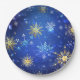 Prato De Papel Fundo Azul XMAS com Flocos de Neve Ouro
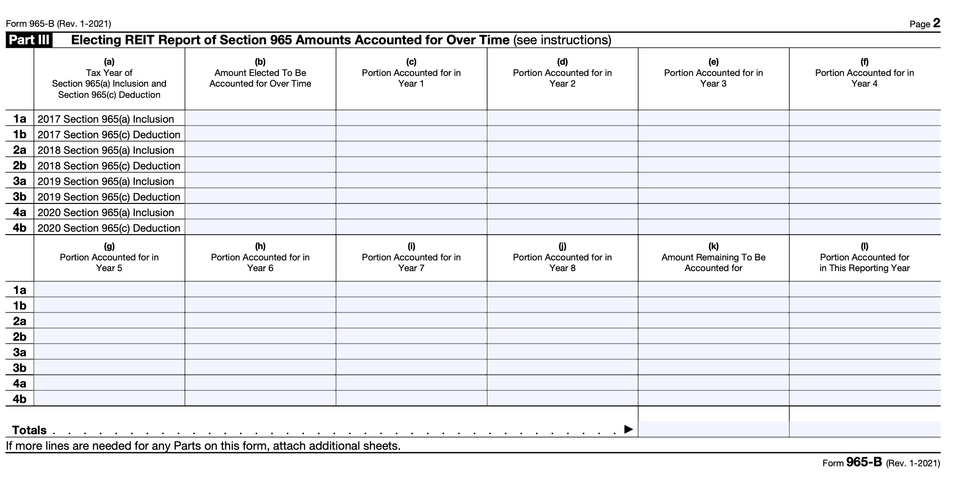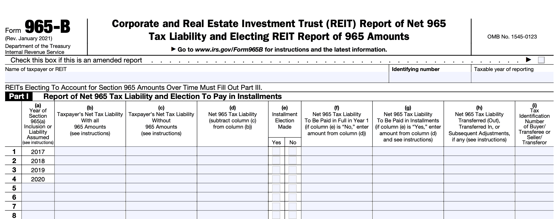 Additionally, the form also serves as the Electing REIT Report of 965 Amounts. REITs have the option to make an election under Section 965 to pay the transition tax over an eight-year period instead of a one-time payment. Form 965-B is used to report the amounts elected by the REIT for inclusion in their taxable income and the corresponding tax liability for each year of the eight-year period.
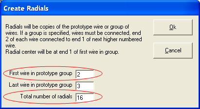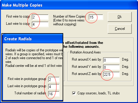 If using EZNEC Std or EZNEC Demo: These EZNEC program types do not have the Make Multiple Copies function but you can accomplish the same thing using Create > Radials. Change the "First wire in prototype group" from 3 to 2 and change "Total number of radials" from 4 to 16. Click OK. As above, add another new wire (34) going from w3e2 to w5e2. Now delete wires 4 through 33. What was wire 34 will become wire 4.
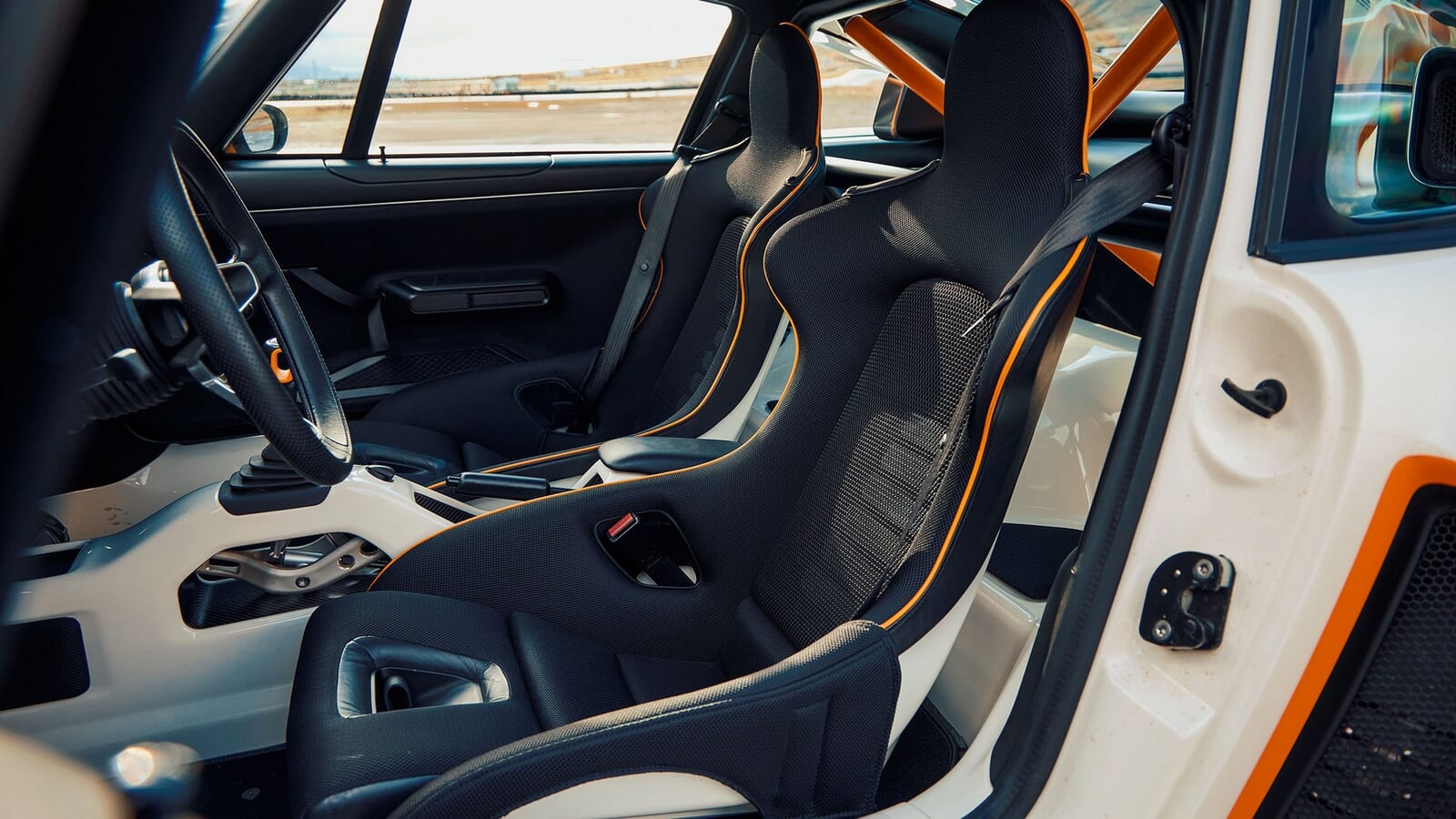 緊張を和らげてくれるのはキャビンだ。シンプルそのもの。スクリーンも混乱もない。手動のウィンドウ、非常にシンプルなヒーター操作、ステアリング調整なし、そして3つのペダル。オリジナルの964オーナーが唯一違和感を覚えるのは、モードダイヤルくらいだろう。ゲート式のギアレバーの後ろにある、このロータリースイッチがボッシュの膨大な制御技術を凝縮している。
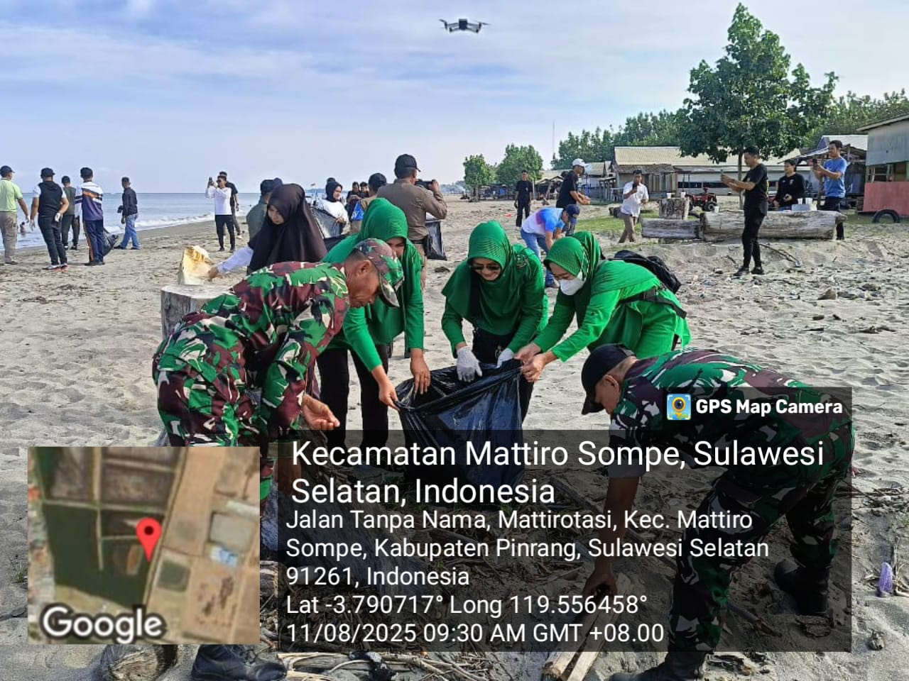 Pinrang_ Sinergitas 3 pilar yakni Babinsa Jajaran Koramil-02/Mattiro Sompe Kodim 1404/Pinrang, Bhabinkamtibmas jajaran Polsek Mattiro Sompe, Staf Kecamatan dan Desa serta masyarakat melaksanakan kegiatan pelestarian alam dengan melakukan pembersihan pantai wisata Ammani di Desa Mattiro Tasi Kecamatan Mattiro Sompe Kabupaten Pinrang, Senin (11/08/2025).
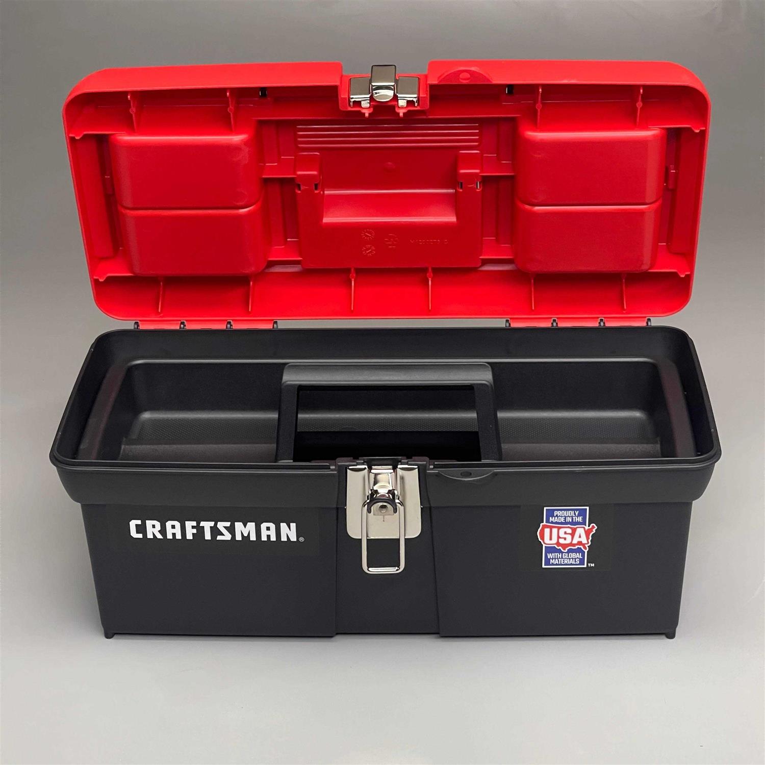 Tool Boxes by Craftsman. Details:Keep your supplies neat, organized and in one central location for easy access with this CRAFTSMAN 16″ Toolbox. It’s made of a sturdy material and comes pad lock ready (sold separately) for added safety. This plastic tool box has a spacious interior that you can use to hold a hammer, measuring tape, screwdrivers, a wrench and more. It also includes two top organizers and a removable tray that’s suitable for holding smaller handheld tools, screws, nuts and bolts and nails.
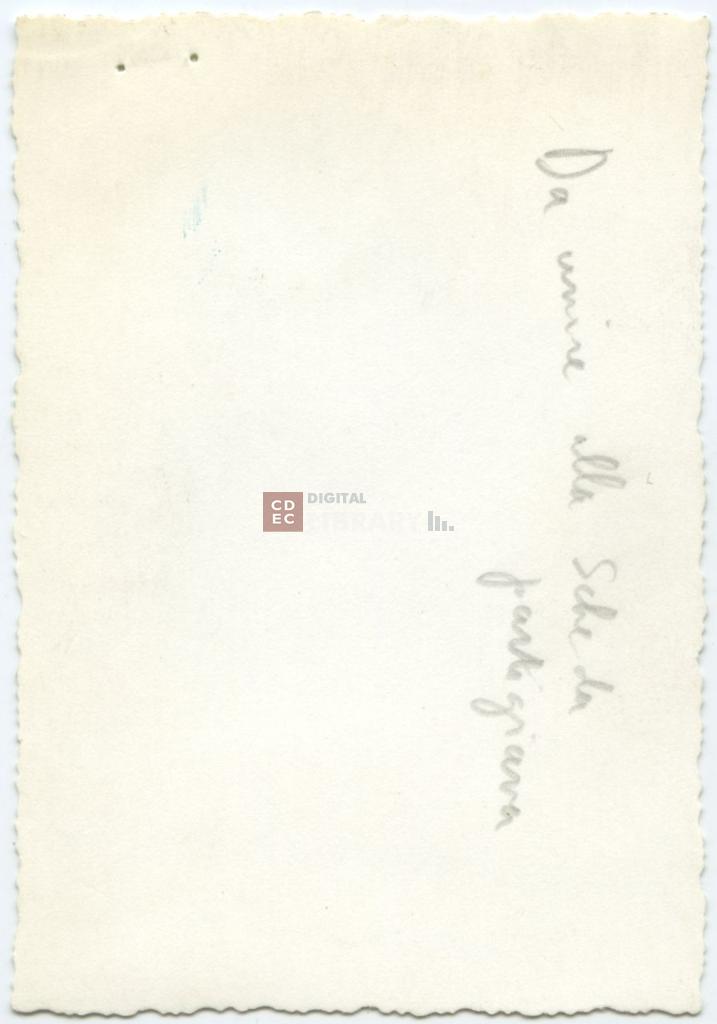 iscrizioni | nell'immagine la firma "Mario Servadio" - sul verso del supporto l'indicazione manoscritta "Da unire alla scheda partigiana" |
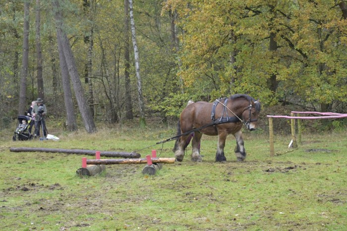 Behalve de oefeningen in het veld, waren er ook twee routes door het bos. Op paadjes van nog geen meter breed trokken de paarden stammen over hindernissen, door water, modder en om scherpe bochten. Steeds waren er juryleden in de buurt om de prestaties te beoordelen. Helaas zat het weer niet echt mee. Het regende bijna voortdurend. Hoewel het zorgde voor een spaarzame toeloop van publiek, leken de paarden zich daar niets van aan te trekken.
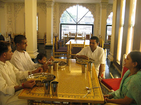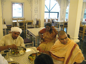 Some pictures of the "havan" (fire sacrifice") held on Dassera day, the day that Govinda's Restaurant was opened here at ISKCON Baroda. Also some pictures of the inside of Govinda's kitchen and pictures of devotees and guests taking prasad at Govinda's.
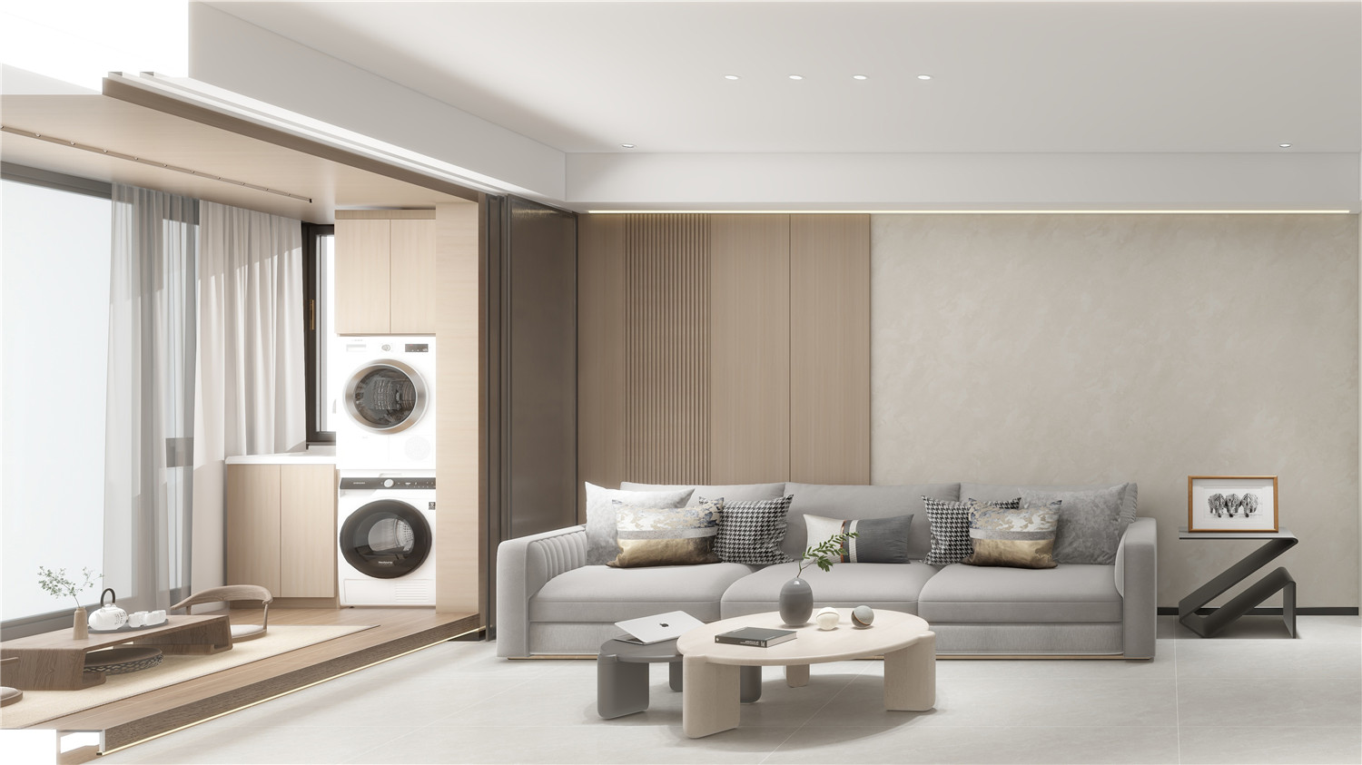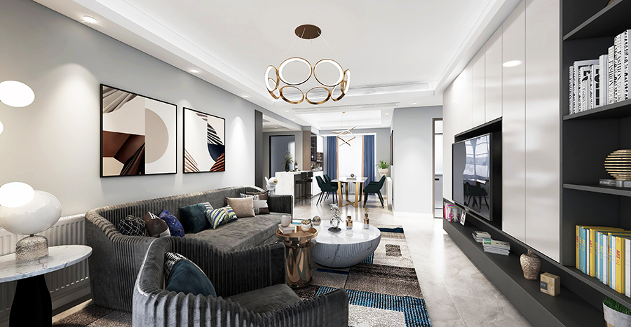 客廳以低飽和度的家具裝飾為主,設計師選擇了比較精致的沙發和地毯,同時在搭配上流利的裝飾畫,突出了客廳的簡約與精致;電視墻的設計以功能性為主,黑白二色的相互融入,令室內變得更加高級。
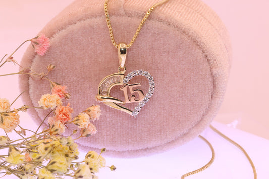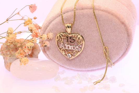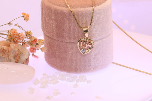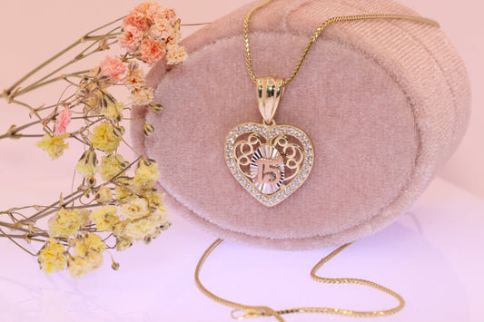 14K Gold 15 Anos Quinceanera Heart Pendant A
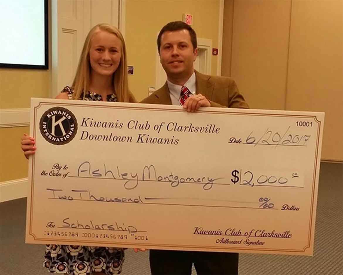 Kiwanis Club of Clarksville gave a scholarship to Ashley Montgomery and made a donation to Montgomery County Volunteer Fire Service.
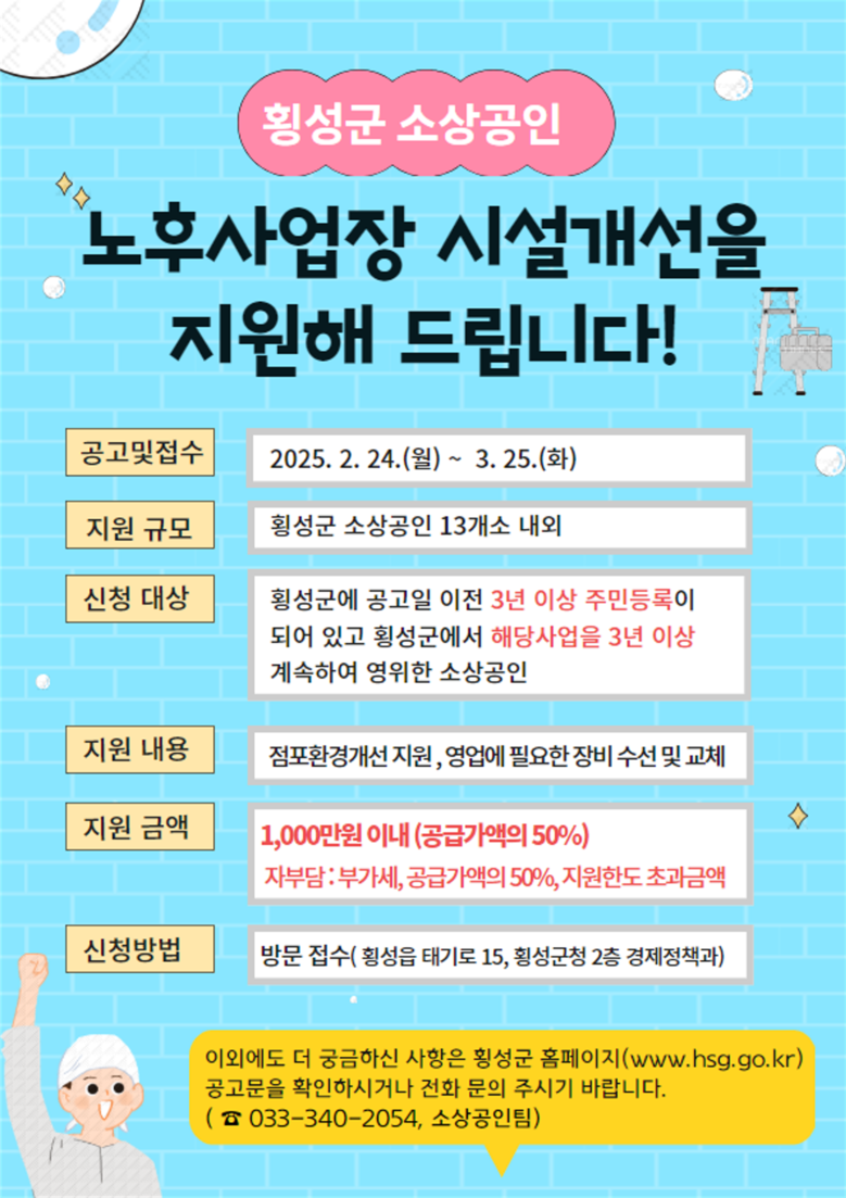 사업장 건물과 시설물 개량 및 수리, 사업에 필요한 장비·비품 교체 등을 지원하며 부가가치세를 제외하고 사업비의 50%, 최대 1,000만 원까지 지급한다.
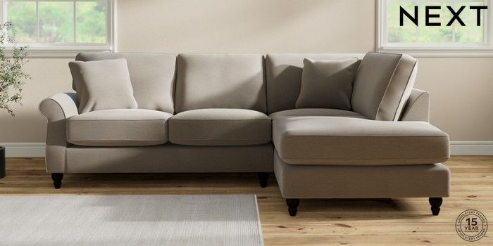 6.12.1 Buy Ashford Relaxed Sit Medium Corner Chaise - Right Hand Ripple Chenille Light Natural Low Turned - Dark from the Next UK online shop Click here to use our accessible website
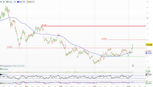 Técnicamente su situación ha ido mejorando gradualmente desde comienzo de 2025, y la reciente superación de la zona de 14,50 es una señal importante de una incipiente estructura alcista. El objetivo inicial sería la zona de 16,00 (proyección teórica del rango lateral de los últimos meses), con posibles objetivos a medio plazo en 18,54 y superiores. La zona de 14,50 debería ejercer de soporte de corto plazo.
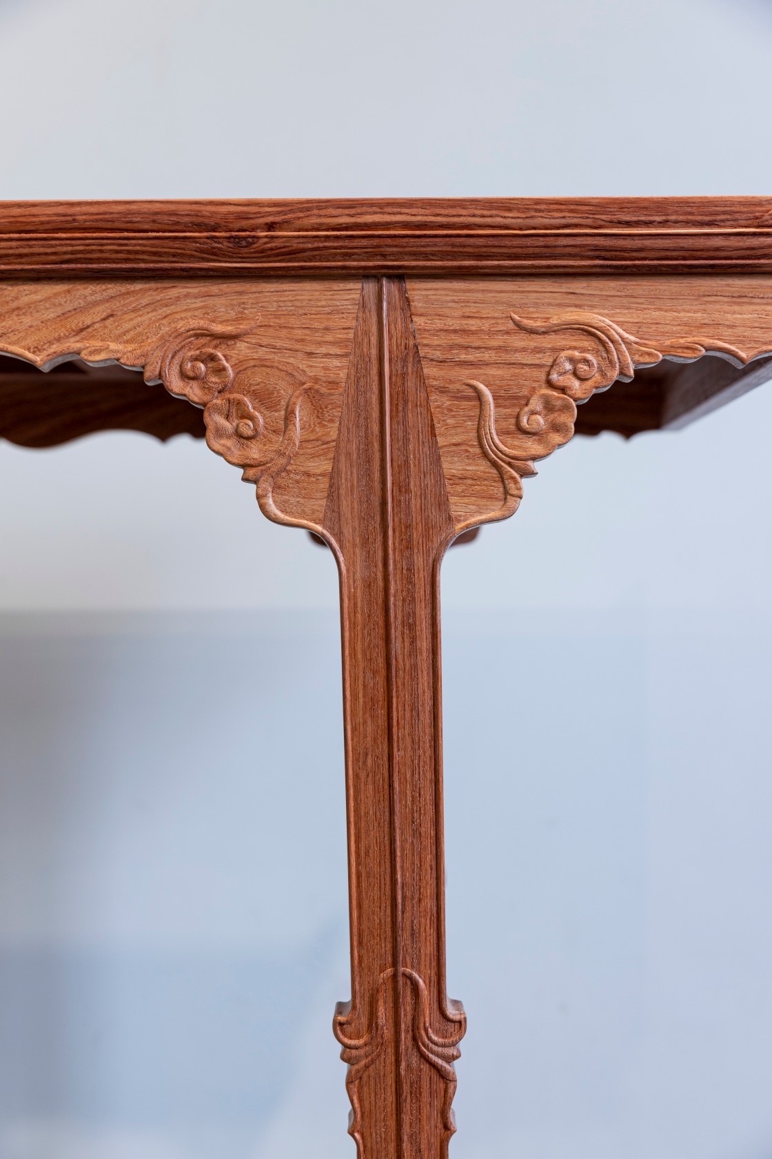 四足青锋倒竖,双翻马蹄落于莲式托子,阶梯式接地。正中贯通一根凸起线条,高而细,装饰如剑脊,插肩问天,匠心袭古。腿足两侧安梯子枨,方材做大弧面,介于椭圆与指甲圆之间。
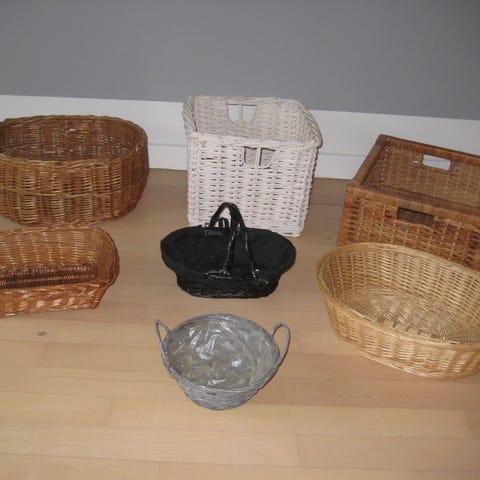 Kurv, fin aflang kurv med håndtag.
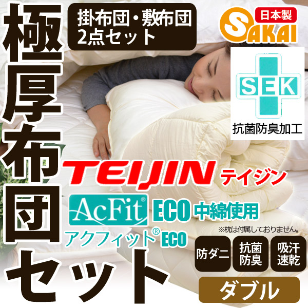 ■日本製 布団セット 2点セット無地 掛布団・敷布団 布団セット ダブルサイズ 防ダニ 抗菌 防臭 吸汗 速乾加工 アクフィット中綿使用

[Work instructions] Your answer must be the exact lines from the records above, from the one containing "Additionally, the form" through the one containing "If using EZNEC", both included, with every picture left out.

[Solution for this exercise]
 Additionally, the form also serves as the Electing REIT Report of 965 Amounts. REITs have the option to make an election under Section 965 to pay the transition tax over an eight-year period instead of a one-time payment. Form 965-B is used to report the amounts elected by the REIT for inclusion in their taxable income and the corresponding tax liability for each year of the eight-year period.
 If using EZNEC Std or EZNEC Demo: These EZNEC program types do not have the Make Multiple Copies function but you can accomplish the same thing using Create > Radials. Change the "First wire in prototype group" from 3 to 2 and change "Total number of radials" from 4 to 16. Click OK. As above, add another new wire (34) going from w3e2 to w5e2. Now delete wires 4 through 33. What was wire 34 will become wire 4.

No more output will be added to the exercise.